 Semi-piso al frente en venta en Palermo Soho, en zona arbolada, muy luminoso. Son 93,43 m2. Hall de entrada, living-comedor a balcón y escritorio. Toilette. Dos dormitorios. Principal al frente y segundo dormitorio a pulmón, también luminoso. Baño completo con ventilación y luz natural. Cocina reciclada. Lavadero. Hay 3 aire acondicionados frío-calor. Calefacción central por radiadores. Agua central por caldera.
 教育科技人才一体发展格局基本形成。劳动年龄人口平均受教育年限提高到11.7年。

§ §

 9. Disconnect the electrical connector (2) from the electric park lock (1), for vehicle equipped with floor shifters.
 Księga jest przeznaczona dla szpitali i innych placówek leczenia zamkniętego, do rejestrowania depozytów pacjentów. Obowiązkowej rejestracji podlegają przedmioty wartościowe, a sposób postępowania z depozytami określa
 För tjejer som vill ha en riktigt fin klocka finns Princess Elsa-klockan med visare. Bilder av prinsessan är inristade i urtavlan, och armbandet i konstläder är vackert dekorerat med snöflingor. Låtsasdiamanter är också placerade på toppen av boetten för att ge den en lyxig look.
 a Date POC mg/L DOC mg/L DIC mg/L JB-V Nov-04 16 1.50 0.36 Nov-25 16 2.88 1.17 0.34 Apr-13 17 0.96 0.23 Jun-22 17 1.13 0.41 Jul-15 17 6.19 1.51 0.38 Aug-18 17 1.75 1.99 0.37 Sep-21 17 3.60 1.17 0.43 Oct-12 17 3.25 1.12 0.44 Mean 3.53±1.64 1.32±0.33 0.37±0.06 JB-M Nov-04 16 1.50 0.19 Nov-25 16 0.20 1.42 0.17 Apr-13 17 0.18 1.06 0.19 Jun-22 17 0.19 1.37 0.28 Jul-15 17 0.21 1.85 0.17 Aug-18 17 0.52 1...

§ §

In the listing above, find the line with "9. Disconnect the" and the line with "För tjejer som"; output exactly those lines and all lines between them.

▶ **SOLUTION TO THE PROBLEM**
 9. Disconnect the electrical connector (2) from the electric park lock (1), for vehicle equipped with floor shifters.
 Księga jest przeznaczona dla szpitali i innych placówek leczenia zamkniętego, do rejestrowania depozytów pacjentów. Obowiązkowej rejestracji podlegają przedmioty wartościowe, a sposób postępowania z depozytami określa
 För tjejer som vill ha en riktigt fin klocka finns Princess Elsa-klockan med visare. Bilder av prinsessan är inristade i urtavlan, och armbandet i konstläder är vackert dekorerat med snöflingor. Låtsasdiamanter är också placerade på toppen av boetten för att ge den en lyxig look.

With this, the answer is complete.